Kraus derives A (the effective apperture) for a short dipole to be
3/8/pi*wavelength**2.

This gives the power collected by the receiver as 6.4mW. If the
antenna and receiver were disected by the ground plane, wouldn't there
be 3.2mW developed in each half of the receiver load?

I found another source (Ramo et al) which directly gives the ratio of power in the load of a matched receiving antenna to the power applied to a transmitting antenna, in terms of the effective apertures of the antennas. This doesn't require the intermediate step of calculating field strength. The equation is:

  Wr/Wt = (Aer * Aet) / (lambda^2 * r^2)

where:
Wr, Wt are received and transmitted power respectively
Aer, Aet are the receiving and transmitting antenna effective apertures
lambda = wavelength
r = distance between the antennas

Note that effective aperture, like other measures of an antenna pattern, is a function of the direction from the antenna. So this equation is correct regardless of antenna orientation as long as Aer and Aet are correctly calculated.

Letting

  K = 3/(8 * pi) ~ 0.1194

we can write the equation cited by Owen for effective aperture of a short dipole in its most favored direction (broadside) in free space as

  Ae = K * lambda^2

(This is the effective aperture of an infinitesimally short dipole. However, it changes very little with length when the dipole is electrically short. The effective aperture broadside to a half wave dipole is only 10% greater.)

Then we get that

Wr = Wt * (K^2 * lambda^4) / (lambda^2 * r^2)
   = Wt * K^2 * lambda^2 / r^2

For Reg's example, lambda = 15 meters and r = 1 km. Since this is a free space analysis involving dipoles so far, I'll apply 2 kW (Wt) to the transmitting dipole, resulting in Wr = 6.412 mW.

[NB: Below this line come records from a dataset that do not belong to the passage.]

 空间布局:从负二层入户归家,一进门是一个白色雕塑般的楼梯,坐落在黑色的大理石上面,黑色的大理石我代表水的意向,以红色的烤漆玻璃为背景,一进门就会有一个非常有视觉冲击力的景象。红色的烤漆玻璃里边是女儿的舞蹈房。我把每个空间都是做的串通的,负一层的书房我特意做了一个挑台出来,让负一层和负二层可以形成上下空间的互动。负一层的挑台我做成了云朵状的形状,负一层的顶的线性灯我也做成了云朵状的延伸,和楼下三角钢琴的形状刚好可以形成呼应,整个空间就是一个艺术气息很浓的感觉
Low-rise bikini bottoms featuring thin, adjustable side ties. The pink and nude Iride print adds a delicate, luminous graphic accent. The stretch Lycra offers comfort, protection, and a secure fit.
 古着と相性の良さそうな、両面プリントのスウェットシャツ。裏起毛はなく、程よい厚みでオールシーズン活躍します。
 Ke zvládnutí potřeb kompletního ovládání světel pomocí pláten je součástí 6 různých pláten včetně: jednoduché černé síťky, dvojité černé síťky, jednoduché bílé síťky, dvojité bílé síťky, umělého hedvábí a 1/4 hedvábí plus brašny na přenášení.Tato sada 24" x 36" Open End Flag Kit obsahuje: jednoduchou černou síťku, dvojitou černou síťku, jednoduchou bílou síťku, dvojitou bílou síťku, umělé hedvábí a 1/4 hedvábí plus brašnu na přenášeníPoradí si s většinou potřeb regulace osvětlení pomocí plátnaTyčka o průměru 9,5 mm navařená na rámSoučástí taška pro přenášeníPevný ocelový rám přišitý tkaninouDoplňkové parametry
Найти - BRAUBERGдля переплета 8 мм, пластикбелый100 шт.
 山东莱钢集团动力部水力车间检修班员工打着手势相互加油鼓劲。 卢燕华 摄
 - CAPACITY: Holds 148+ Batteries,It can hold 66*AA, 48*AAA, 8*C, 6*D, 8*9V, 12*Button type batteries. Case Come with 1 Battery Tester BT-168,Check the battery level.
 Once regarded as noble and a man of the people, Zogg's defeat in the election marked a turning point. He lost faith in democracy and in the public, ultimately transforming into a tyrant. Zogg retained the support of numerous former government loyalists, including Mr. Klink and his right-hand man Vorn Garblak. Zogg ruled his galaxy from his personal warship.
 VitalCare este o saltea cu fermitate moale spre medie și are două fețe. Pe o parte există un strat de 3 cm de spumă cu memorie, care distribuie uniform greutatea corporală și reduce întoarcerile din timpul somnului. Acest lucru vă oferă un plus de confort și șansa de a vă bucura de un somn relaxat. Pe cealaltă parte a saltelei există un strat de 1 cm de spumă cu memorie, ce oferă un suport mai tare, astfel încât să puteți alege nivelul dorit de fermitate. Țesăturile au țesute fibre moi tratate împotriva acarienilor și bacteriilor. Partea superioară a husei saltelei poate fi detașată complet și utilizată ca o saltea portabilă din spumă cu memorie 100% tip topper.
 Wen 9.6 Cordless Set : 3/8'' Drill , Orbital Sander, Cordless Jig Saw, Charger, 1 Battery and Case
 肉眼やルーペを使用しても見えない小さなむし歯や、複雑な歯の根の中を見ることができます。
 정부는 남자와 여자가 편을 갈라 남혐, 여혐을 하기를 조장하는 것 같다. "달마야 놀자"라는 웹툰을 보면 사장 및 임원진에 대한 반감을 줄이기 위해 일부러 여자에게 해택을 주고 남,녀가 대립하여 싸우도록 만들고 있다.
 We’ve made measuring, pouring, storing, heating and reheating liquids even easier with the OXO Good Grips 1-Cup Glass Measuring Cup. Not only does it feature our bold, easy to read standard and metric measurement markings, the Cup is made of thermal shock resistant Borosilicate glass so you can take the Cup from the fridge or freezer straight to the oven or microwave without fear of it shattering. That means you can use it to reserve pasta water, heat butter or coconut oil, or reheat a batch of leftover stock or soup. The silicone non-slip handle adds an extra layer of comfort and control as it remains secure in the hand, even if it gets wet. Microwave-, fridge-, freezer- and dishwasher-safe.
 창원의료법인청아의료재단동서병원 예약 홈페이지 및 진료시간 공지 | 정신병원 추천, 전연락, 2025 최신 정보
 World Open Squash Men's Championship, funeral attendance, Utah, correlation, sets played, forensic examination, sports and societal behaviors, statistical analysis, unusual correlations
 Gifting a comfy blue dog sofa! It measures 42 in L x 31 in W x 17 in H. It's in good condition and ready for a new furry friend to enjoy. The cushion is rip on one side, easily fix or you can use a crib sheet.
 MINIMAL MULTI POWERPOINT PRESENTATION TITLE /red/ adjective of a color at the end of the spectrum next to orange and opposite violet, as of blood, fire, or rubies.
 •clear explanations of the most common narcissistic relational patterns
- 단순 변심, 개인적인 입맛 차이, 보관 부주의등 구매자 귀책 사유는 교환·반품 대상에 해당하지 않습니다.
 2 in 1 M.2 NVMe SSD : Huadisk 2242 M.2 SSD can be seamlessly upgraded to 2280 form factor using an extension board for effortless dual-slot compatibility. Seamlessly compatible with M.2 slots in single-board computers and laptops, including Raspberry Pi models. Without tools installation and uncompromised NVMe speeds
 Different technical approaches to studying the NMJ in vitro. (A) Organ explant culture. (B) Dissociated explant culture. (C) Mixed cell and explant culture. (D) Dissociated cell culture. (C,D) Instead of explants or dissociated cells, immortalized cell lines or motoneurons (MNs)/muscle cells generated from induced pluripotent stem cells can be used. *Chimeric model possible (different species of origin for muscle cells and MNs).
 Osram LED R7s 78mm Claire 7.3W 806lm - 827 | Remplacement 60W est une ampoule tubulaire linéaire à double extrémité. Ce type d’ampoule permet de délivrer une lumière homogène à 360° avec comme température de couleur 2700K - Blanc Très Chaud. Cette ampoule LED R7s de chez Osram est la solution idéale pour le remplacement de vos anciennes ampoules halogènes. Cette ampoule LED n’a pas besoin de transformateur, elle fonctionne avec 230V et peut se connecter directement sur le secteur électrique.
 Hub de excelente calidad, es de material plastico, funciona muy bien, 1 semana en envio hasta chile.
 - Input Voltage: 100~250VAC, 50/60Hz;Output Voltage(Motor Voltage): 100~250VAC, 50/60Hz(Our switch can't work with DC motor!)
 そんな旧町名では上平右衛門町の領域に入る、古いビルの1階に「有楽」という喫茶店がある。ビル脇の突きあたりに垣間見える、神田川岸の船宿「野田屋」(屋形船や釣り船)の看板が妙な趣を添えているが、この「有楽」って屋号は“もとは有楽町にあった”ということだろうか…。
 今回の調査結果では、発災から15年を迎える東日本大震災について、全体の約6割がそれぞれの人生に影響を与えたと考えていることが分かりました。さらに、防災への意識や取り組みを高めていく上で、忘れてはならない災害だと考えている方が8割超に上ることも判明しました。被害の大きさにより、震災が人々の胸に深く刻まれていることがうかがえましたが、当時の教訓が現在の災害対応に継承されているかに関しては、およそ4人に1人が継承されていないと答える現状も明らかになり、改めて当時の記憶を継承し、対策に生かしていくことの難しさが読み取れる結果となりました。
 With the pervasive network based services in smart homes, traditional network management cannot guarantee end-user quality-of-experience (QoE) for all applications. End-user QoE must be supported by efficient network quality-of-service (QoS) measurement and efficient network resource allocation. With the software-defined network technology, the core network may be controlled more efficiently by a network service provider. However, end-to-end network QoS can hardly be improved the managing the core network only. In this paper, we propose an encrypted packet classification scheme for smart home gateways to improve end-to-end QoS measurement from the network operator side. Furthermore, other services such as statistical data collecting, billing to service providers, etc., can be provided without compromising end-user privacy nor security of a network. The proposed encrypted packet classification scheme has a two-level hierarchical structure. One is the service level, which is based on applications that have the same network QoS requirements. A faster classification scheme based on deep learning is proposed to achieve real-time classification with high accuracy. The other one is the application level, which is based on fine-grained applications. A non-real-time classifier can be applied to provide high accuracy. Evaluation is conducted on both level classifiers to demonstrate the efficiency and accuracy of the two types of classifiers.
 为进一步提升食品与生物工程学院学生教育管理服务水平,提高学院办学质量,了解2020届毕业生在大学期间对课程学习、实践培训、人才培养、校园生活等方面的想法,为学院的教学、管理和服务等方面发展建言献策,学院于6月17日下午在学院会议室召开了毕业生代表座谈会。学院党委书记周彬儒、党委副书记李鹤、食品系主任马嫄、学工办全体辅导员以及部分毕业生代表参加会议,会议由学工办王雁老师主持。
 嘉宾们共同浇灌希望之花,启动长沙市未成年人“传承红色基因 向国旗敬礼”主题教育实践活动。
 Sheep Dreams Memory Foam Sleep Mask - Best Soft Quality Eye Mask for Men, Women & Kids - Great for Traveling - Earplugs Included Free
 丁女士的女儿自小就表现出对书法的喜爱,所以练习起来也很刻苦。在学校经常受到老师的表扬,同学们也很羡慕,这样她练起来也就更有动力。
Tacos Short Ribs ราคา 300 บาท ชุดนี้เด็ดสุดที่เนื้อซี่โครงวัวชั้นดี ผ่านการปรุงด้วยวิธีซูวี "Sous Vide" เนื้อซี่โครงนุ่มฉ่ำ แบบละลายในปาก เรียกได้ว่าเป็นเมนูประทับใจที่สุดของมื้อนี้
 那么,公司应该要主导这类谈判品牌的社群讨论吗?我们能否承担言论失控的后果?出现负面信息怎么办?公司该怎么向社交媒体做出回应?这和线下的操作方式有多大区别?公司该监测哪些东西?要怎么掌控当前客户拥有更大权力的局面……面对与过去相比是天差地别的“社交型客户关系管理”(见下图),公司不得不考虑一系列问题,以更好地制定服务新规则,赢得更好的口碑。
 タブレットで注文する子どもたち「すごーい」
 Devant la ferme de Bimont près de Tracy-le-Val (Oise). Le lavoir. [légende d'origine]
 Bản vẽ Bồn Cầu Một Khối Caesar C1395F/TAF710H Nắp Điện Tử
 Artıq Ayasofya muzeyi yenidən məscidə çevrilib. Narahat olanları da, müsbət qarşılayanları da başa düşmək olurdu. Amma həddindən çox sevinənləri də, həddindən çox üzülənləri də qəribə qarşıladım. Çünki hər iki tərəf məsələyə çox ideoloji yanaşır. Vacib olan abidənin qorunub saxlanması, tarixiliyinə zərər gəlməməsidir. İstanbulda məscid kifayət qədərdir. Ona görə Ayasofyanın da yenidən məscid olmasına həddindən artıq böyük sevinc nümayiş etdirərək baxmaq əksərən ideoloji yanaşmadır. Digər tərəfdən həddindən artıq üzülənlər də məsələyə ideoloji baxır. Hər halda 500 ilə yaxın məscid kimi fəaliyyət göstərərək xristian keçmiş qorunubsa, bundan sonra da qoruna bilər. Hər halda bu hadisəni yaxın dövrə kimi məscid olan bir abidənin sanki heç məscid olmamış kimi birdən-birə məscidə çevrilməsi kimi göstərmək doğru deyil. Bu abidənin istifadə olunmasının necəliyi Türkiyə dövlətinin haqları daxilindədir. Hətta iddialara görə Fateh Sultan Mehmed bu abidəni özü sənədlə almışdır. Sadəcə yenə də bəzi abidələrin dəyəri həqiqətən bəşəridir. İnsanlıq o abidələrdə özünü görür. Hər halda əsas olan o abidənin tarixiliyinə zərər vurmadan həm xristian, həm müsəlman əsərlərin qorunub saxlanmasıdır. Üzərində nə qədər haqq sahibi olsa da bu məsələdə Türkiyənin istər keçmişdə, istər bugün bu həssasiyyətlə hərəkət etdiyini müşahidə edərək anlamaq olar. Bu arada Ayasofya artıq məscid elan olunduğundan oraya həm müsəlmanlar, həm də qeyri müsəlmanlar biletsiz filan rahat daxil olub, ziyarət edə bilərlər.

Now we can split the model exactly in half with a ground plane. On the top of the ground plane, the transmitting antenna has exactly half the applied power, or 1 kW, which is what we had in Reg's example. Half the load power is in the upper plane also, so we have 3.206 mW for the load power in Reg's example setup. This is very close to the 3.234 mW result from the EZNEC model.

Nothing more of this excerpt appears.